Another comment of the !addisp command is that many of the switches it announces to support simply don't work. Make additional configuration directly in the MySQL table instead.

To additionally restrict all other IP:s from accessing the hub, the simplest way I found was to use !banrange and specify all ranges outside the permitted one. In the above case this would be

!banrange 0.0.0.0-193.10.191.255 Outside allowed IP range.
!banrange 193.10.191.255-193.11.0.0 Outside allowed IP range.

The trailing message is shown when someone outside the allowed range tries to connect.

An interesting (and undocumented?) feature is that registered users override the IP bans, from some testing I've done (class 1 and upwards). This was usable for me, but might be unwanted for others.

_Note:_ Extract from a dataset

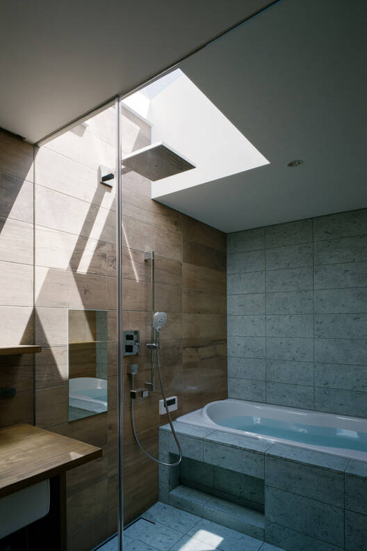 空间序列的巧妙布局: 项目的空间布局体现了对光线、通风和景观的深刻理解。二层LDK区域与外部景观的无缝连接,创造了一个开放、通透的生活空间,而夹层空间的设置,则为室内带来了充足的光线和空气流通,更丰富了空间层次。这种内外空间的渗透和融合,使得居住者能够充分地欣赏到外部的自然景观,同时又保证了室内的私密性。地下车库和办公室的设计,是对地块的充分利用,也增强了建筑的功能性。整个设计通过对不同空间尺度的巧妙组合,营造出一种引人入胜的空间序列,既满足了居住需求,又实现了对环境的尊重,充分体现了建筑师的精湛技艺。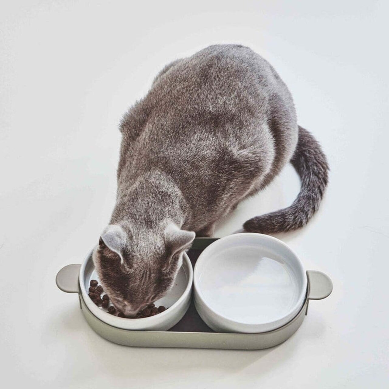 パウダーコート加工のメタルトレイに収められた2つの高品質な磁器製ボウルは、食事とお水の両方に対応し、猫にとって安全かつ快適な食事時間を提供します。ボウルの下に敷かれた滑り止めマットがガタつきを防ぎ、音や動きを抑えて、繊細な猫もリラックスして食事ができる夫がされています。

This was just an example of the idea, in practice you might want to allow the private ranges (10.0.0.0/8, 172.16.0.0/12, 192.168.0.0/16).

Connect from within a LAN

It is tricky to connect to the hub from with a client within the hub's LAN and be able to connect to external computers. The hub will relay the clients' IP addresses for their initial communication, and if the client connected through LAN, the hub will relay the local client's internal IP address, which is not to much use for the external client.

This has to be solved on the hub side, for vulnerability reasons in letting clients report arbitrary external IP numbers. To do this, the LAN user must be a registered user, whereafter their external IP should be defined with the (also quite completely undocumented) alternate_ip setting:

!regset [RY]dapub alternate_ip 123.45.67.89

This in practice also binds this registered user to this particular external IP. This could probably be used as a feature.

Where is the documentation?

Relevant question. On the official VerliHub page, information is very much lacking. There was a more extensive wiki documentation online in the past, but it seems to have been lost in ~2006 and not been recreated. Enter: the Wayback Machine! Here you will find the VerliHub Wiki as of 2006-09-01.

Documentation is not the project's forte, and neither is spelling or consistency regarding variable/command naming. When the hub is up and running, it is very lean and stable, though. Direct Connect is no longer the hippest protocol cat in the club, so alternatives are not aplenty.